BEGIN Material supplied

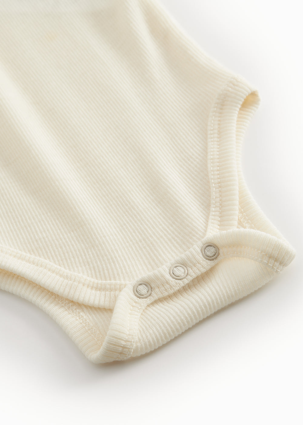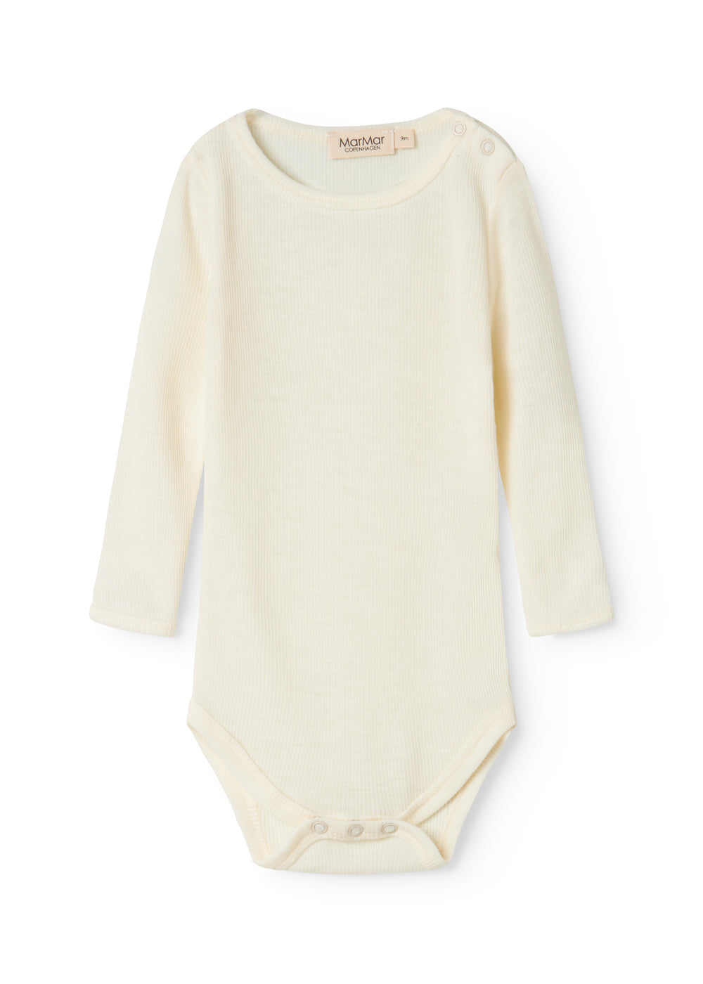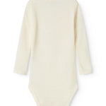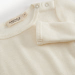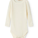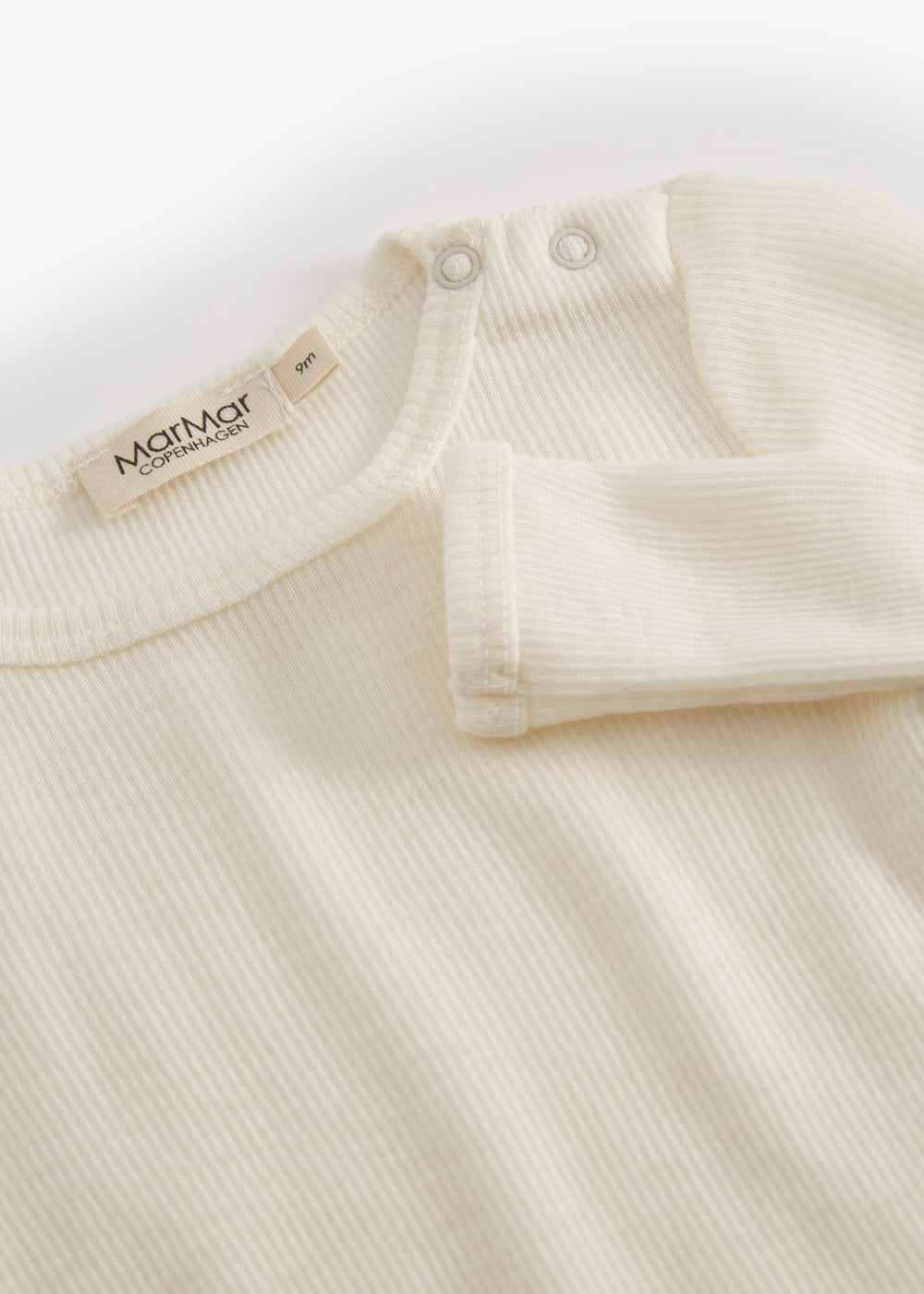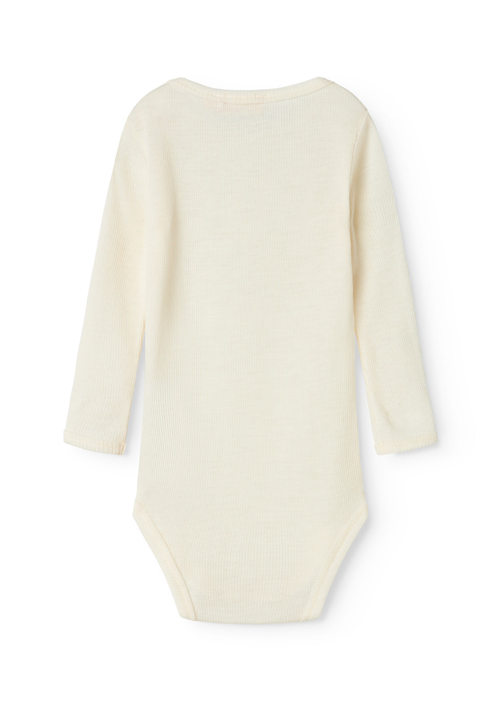 Enkel langærmet bodystocking, der bliver lukket med trykknapper på venstre skulder samt mellem benene for nem bleskiftning.
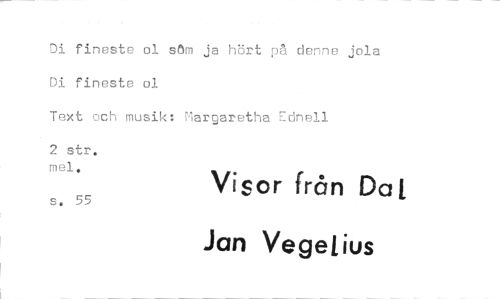 //// Di fineste ol söm ja hört på denne jola Di fineste ol //// Text och musik: Margaretha Ednell //// 2 str. mel. Visor från Dat //// s. 55 Jan Vegelius ////
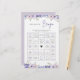 "Blume Finden Sie das Bingo Brautparty Game" ist eine angenehme und kreative Aktivität für Brautpartys. Dieses Spiel bietet wunderschöne lila Blume-Designs, die die Gäste inspiriere, ihre Traukleider zu entwerfen. Mit seinem charmanten Blumenmotiv fügt dieses Spiel der Feier eine Touch Eleganz hinzu. Lass deinen Gästen mit diesem lustigen und einladenden Brautparty ihren künstlerischen Flair und ihre Fantasie zu präsentieren!
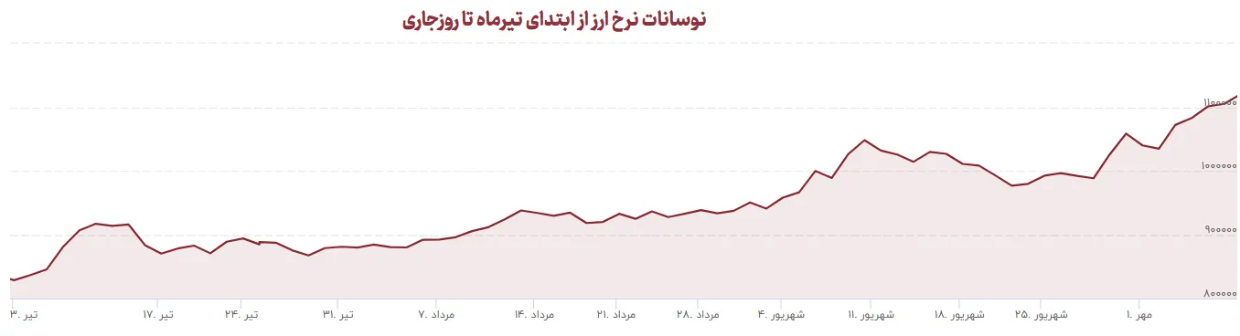 نرخ ارز آزاد در ابتدای تیرماه 82 هزار و 870 تومان برآورد میشد و اگر نرخ ارز در روز جاری 113 هزارتومان در نظر گرفته شود، نرخ ارز آزاد در بازه زمانی مذکور رشد تقریبی 36 درصدی را تجربه کرده است.
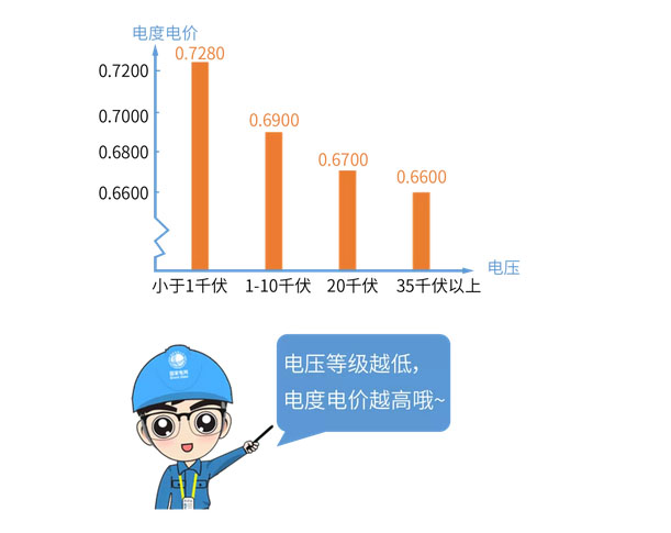 對(duì)不同的電壓等級(jí),實(shí)行不同的電價(jià)計(jì)費(fèi)方式。由于不同電壓等級(jí)的輸配電成本不同,電力的特殊性要求終端電壓與電器設(shè)備的功率相匹配,電需要通過層層降壓送達(dá)用戶。根據(jù)成本補(bǔ)償原則,電價(jià)理應(yīng)補(bǔ)償合理的輸電成本支出,末端最低電壓的用戶輸電成本最高,那么末端最低電壓用戶銷售電價(jià)原則上也最高。

END Material supplied

_What you are asked to do_
Leaving every picture out, output the data exactly as it stands.

_Your response_
 Enkel langærmet bodystocking, der bliver lukket med trykknapper på venstre skulder samt mellem benene for nem bleskiftning.
 //// Di fineste ol söm ja hört på denne jola Di fineste ol //// Text och musik: Margaretha Ednell //// 2 str. mel. Visor från Dat //// s. 55 Jan Vegelius ////
 "Blume Finden Sie das Bingo Brautparty Game" ist eine angenehme und kreative Aktivität für Brautpartys. Dieses Spiel bietet wunderschöne lila Blume-Designs, die die Gäste inspiriere, ihre Traukleider zu entwerfen. Mit seinem charmanten Blumenmotiv fügt dieses Spiel der Feier eine Touch Eleganz hinzu. Lass deinen Gästen mit diesem lustigen und einladenden Brautparty ihren künstlerischen Flair und ihre Fantasie zu präsentieren!
 نرخ ارز آزاد در ابتدای تیرماه 82 هزار و 870 تومان برآورد میشد و اگر نرخ ارز در روز جاری 113 هزارتومان در نظر گرفته شود، نرخ ارز آزاد در بازه زمانی مذکور رشد تقریبی 36 درصدی را تجربه کرده است.
 對(duì)不同的電壓等級(jí),實(shí)行不同的電價(jià)計(jì)費(fèi)方式。由于不同電壓等級(jí)的輸配電成本不同,電力的特殊性要求終端電壓與電器設(shè)備的功率相匹配,電需要通過層層降壓送達(dá)用戶。根據(jù)成本補(bǔ)償原則,電價(jià)理應(yīng)補(bǔ)償合理的輸電成本支出,末端最低電壓的用戶輸電成本最高,那么末端最低電壓用戶銷售電價(jià)原則上也最高。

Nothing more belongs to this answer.